No Cartaz nº 5 vemos uma tabanca, sob a bandeira portugesa (e, parece-me, ao canto superior direito, descortinar uma inverosímil antena de televisão!). Legenda: "a gente do mato que estava enganada e não vivia na tabanca há muito tempo" abraça a família e os amigos...
© A. Marques Lopes
Por fim, a tropa e os civis ajudam aqueles que se apresentam a reconstruir a sua tabanca (clara referência aos famosos "reordenamentos" ou "aldeias estratégicas" que, no tempo do Spínola, tiveram um grande incremento)(Cartaz nº 6).
O último cartaz (nº 7) tem uma lógica implacável: "Apresenta-te à tropa, levanta os braços"... Mostra dois "homens do mato", de braços levantados, segurando a sua espingarda semi-automática (Simonov ?) por cima da cabeça...
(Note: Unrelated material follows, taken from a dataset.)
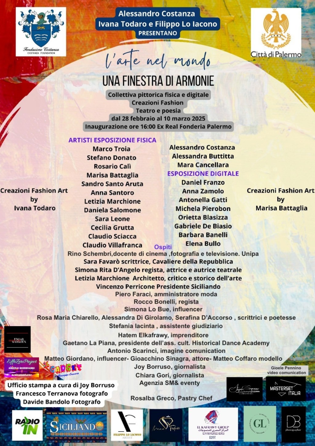 La manifestazione, curata da Alessandro Costanza, Ivana Todaro e Filippo Lo Iacono, si terrà dal 28 febbraio al 10 marzo 2025 presso l’ex Real Fonderia di Palermo, con inaugurazione prevista per le ore 16. L’evento offrirà una panoramica artistica ricca e variegata, articolata in esposizioni pittoriche fisiche e digitali, creazioni fashion e momenti dedicati al teatro e alla poesia.

2. Veja-se o que diz o Centro de Documentação 25 de Abril sobre a propaganda, usada durante a guerra colonial, por um lado e outro:
"A acção psicológica destina-se a influenciar as atitudes e o comportamento dos indivíduos. Na guerra subversiva é utilizada para obter o apoio da população, desmoralizar e captar o inimigo e fortalecer o moral das próprias forças, assumindo três aspectos diferentes, embora intimamente relacionados: acção psicológica, acção social, acção de presença.
"Quer as forças portuguesas, quer os movimentos de libertação, usaram intensamente a acção psicológica como arma, integrando-a na panóplia de meios disponíveis para a conquista dos seus objectivos, dentro da ideia que as palavras são os canhões do séc. XX e que, como se ensinava aos futuros chefes da guerrilha na escola de estado-maior da China, na guerra revolucionária deve atacar-se com 70 por cento de propaganda e 30 por cento de esforço militar.
"A acção psicológica exercida sobre a população, o inimigo e as próprias forças foi conduzida através da propaganda, da contrapropaganda e da informação, de acordo com as finalidades de cada uma destas áreas: a primeira, pretendendo impor à opinião pública certas ideias e doutrinas; a segunda, tendo como finalidade neutralizar a propaganda adversa; por último, a informação, fornecendo bases para alicerçar opiniões. Mas, para serem eficazes, os meios de condicionamento psicológico necessitam de encontrar ambiente favorável.
"Quanto às populações, procurou-se criar esse ambiente propício com a acção social, que visava a elevação do seu nível de vida, para as cativar, conquistando-lhes os corações e originando condições mais receptivas à acção psicológica. Esta acção foi desenvolvida sob a forma de assistência sanitária, religiosa, educativa e económica.
"Relativamente ao adversário, a acção psicológica das forças portuguesas era isolar os guerrilheiros das populações, desmoralizá-los e conduzi-los ao descrédito quer na acção, quer na dos seus chefes. Para o efeito utilizaram-se panfletos e cartazes lançados de aviões ou colocados nos trilhos de acesso e nas povoações, emissões de rádio, propaganda sonora directamente a partir de meios aéreos, apelando à sua rendição e entrega às forças militares ou administrativas, garantindo-lhes e explicando-lhes que a participação na guerrilha constituía um logro".
Nota de correcção:
Posteriormente à inserção deste post, recebi em 26 de Junho de 2005 a seguinte mensagem do Marques Lopes: "Peço-te que faças uma correcção a propósito dos cartazes que enviei. Quem tinha esses cartazes em seu poder era o meu amigo alferes Reis, da CART1690, que mos cedeu. Embora eu os conhecesse, como disse, quer em Geba quer em Barro, não tinha nenhum destes em meu poder. Tenho outro, não igual, mas ando ainda à procura dele... deve estar no meio de outros papéis. Quando o encontrar enviá-lo-ei".
Aqui fica a correcção: o seu a seu dono. A autoria das imagens é do Marques Lopes, já que foi ele quem teve o trabalho de as digitalizar e enviar para a nossa tertúlia.